– Кажется, получилось, шепнула леди Стерн, трогая лорда Теодора за рукав. – Только погляди на них, Тео.
Лорд Куинн смотрел. Его племянник и крестница леди Стерн сидели за столом рядом с ними и не видели никого вокруг. Он наблюдал такие картины и раньше. Возможно, именно это качество его племянника – уделять все внимание одной единственной женщине, как будто забывая о существовании других, – делало его чуть ли не самым желанным мужем или любовником в Париже. Однако обычно он вел себя так с какой-нибудь высокородной легкомысленной красавицей, которую мог без особого труда завлечь к себе в постель на то время, пока она ему не надоест. Несмотря на кокетство леди Анны, лорд Куинн не верил, что племянник мог ошибиться, приняв ее за одну из таких женщин.
– Да, – ответил он леди Стерн, – ручаюсь, что не пройдет и десяти месяцев, как она родит ему сына.
Леди Стерн удовлетворенно вздохнула. Она слишком привыкла к манерам своего любовника, чтобы быть шокированной его прямотой.
– Ах, Тео, если бы ты оказался прав. Ведь Анна уже почти миновала возраст замужества, хотя она красива и из хорошей семьи. Люси не позволяла мне навещать Анну, пока болела, а я никогда не настаивала. Но потом, когда я смогла приезжать к ним, мною овладела мечта выдать Анну замуж. Особенно когда я узнала о других несчастьях. Ройс растратил все свое состояние и привел семью почти к полной нищете. Скорее всего, из-за азартных игр.
– Клянусь, ты права, хотя я никогда не знал его лично. У меня нет никакого права судить, но, по-моему, мужчине недопустимо развлекаться и тратить деньги, когда его дети еще не устроены. Ведь у него был сын и трое дочерей, так?

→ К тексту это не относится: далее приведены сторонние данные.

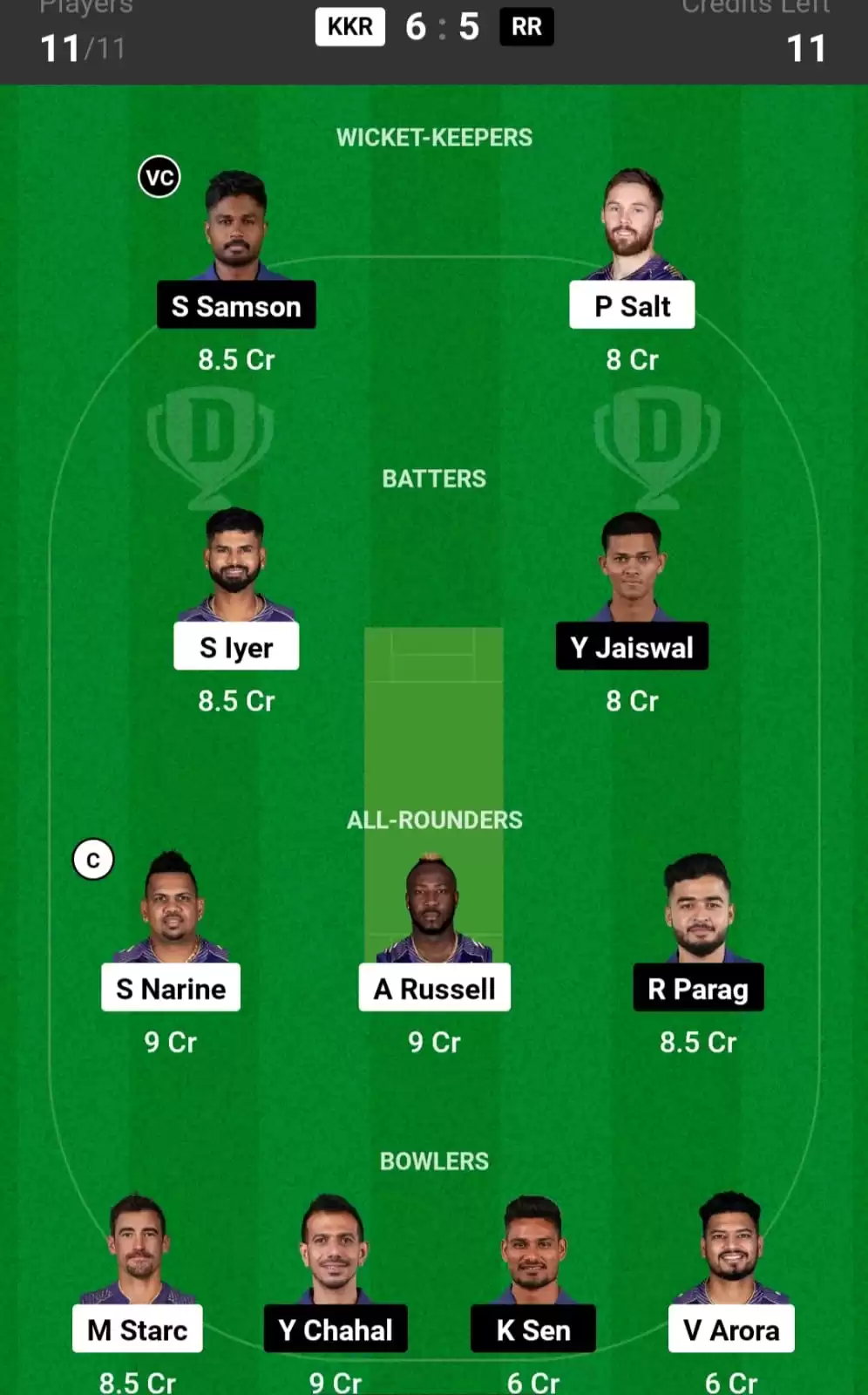 Sunil Narine and Sanju Samson will be the top picks for the Captain and Vice Captain selection for your dream11 fantasy team.
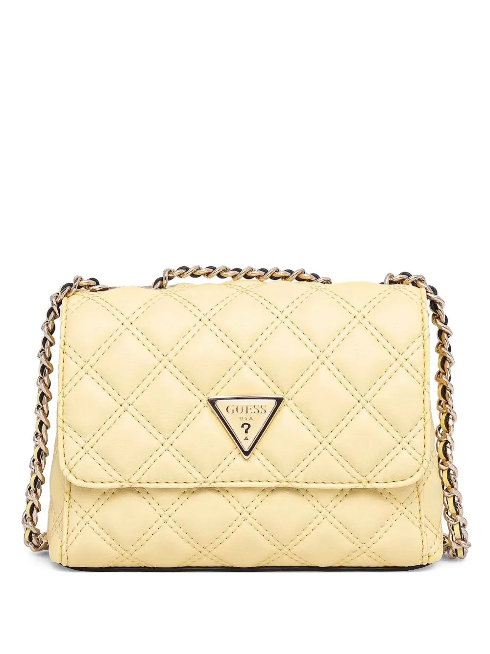 Giully quilted cross body bag Highlights - Pale yellow - Diamond-quilted design - Chain shoulder strap - Logo plaque - Flap closure Imported Composition Outer: Polyurethane 100% SIZE & FIT Measurement DEPTH 1.96 in(5 cm) HEIGHT 4.72 in(12 cm) WIDTH 6.69 in(17 cm)
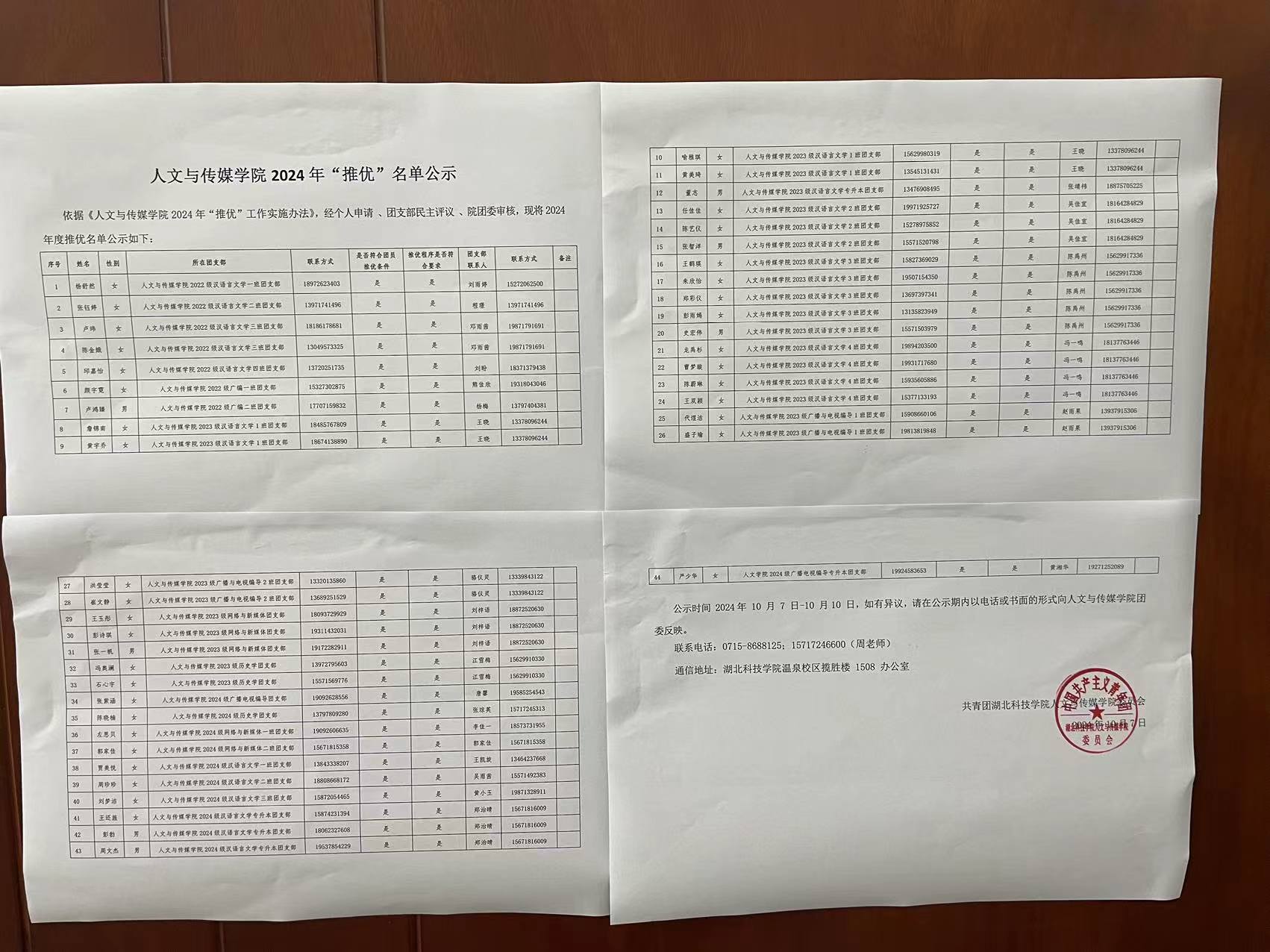 william英国中文2024年秋季学期共青团“推优”名单公示
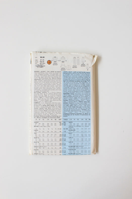 Mid 1980s Jacket, Top, Skirt And Pants Butterick 5863 Sewing Pattern, Uncut Size 8,10,12

– Четверо, – ответила леди Стерн. – Самая младшая осталась дома с Шарлоттой, которая недавно вышла замуж за приходского священника. Почти через год после смерти Ройса. Думаю, это хорошая партия.
– Все-таки это ужасно, когда семья разоряется, – пробормотал лорд Куинн.
– Может, это и не правда, и моя дорогая Анна никогда не позволила бы мне так сказать, но, по-моему, он пил больше чем следует.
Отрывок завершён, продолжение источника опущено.